We began by contacting the Nevada State Office of Energy, which keep statistics on the state's energy sources, but Spokesman Sean Sever said his agency "doesn't have anything to prove or disprove this statement."
So we turned to Scot Rutledge, the executive director of the Nevada Conservation League and Education Fund, a leading environmental group in the state. Rutledge was skeptical.
He said that Nevada could stop importing coal by shutting down a few plants in northern Nevada, and the state does have enough geothermal resources to theoretically replace fossil-fuel powered plants, particularly natural gas. "But that would take longer than three to four years," he said.
In the meantime, Nevada does have impressive solar resources, and if the state developed sufficient storage capacity, that might be enough to provide 24-hour electricity for homes and businesses.
But being a net exporter of energy does not necessarily mean being "energy independent." That’s because cars, trucks and airplanes have to run on fuel, too -- and the state does not have enough oil for that.
"We would need to convert every vehicle on the road to electric," Rutledge said, and then provide fuel obtained in-state for airplanes.
All told, Rutledge said, it’s conceivable that Nevada might be able to export more energy than it imports "over the next seven to 10 years, but I don't think that is a true definition of energy independence."

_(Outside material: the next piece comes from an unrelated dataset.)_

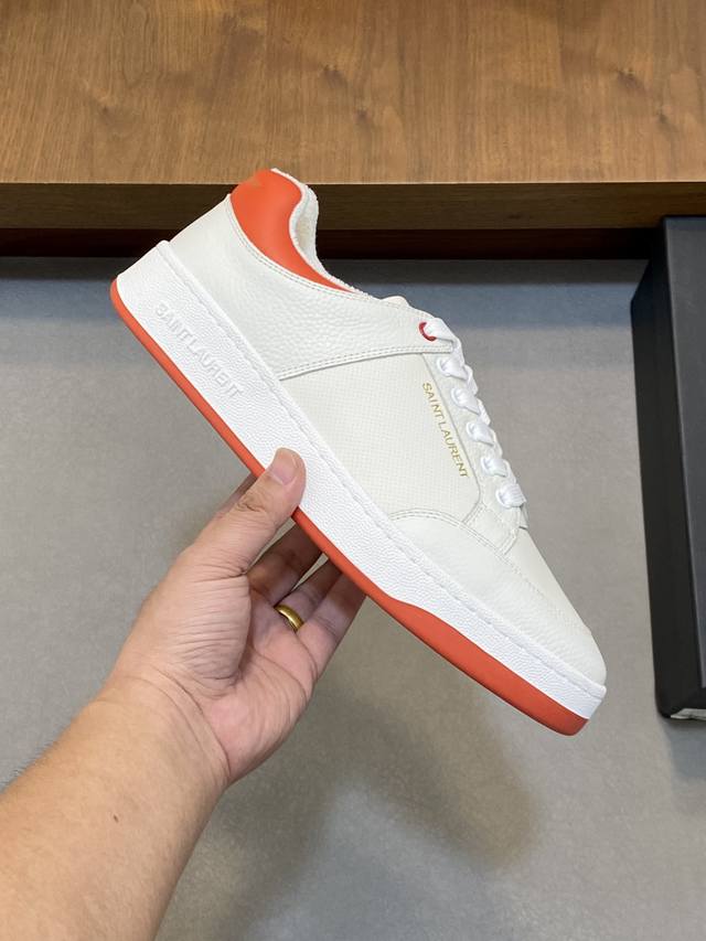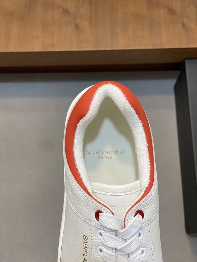 情侣款Saint Laurent圣罗兰低帮系带运动鞋 DDD S L61官网新款 品牌旗舰店同步、意大利原胚粒面牛皮+正面饰片点缀多孔皮革、拉环饰以金色Saint Laurent标志,侧面饰以Sl 61标志 后帮压印圣罗兰标志 内里Tw柔软毛巾布、更加增强鞋子的柔软性、透气性及包裹性、无中底套楦做法、加记忆脚床鞋垫!脚感更加无比舒适轻便 、环保防滑橡胶双色大底、大底周圈车真线 更加增强了整双鞋子的舒适度 牢固度 完美用细节说话 ! DDD 尺码:女款35-39 40.41定做 男款38-45!原盒包装+防

Rutledge speculated that Reid may simply have been overzealous in echoing comments from 2008 by former President Bill Clinton. Clinton told a national clean-energy summit-- held in Nevada and co-sponsored by Reid -- that the state could one day become energy independent, as could such countries as Liberia, Rwanda, East Timor and Papua New Guinea.
At the same summit, Reid said in a speech that "the sun shines here all the time. The wind blows much of the time, and we're one of the few states that has massive amounts of geothermal energy. That's why I refer to Nevada as the Saudi Arabia of renewable energy. Tax incentives and upgraded transmission capacity could make the goals set forth for Nevada a reality."
Indeed, when we contacted Reid’s office, spokesman Jon Summers repeated the theme of Nevada as a huge repository of untapped energy.
Reid "has a vision of Nevada leading the nation in clean energy production," Summers said. "He’s been responsible for hundreds of millions of dollars in investment in the state’s clean energy industry. Nevada’s north-to-south transmission line, which is expected to be completed in less than three years, will allow the state’s population centers to secure clean energy from rural areas and even export it outside the state. In his interview, Sen. Reid said he thinks that energy independence is going to take a while but some of it is already happening."
We’ll grant that in the interview, the discussion began with the question of how fast Nevada can begin exporting energy out of the state. But Reid went on to say the state would be "energy independent within the immediate future," which means all of the state’s energy would be produced within its own boundaries. Even if Nevada successfully taps into its solar and other energy resources, it is many years away from changing all of its cars, trucks and planes from fossil fuels to fuels that can be produced within the state. So we rate Reid’s statement False.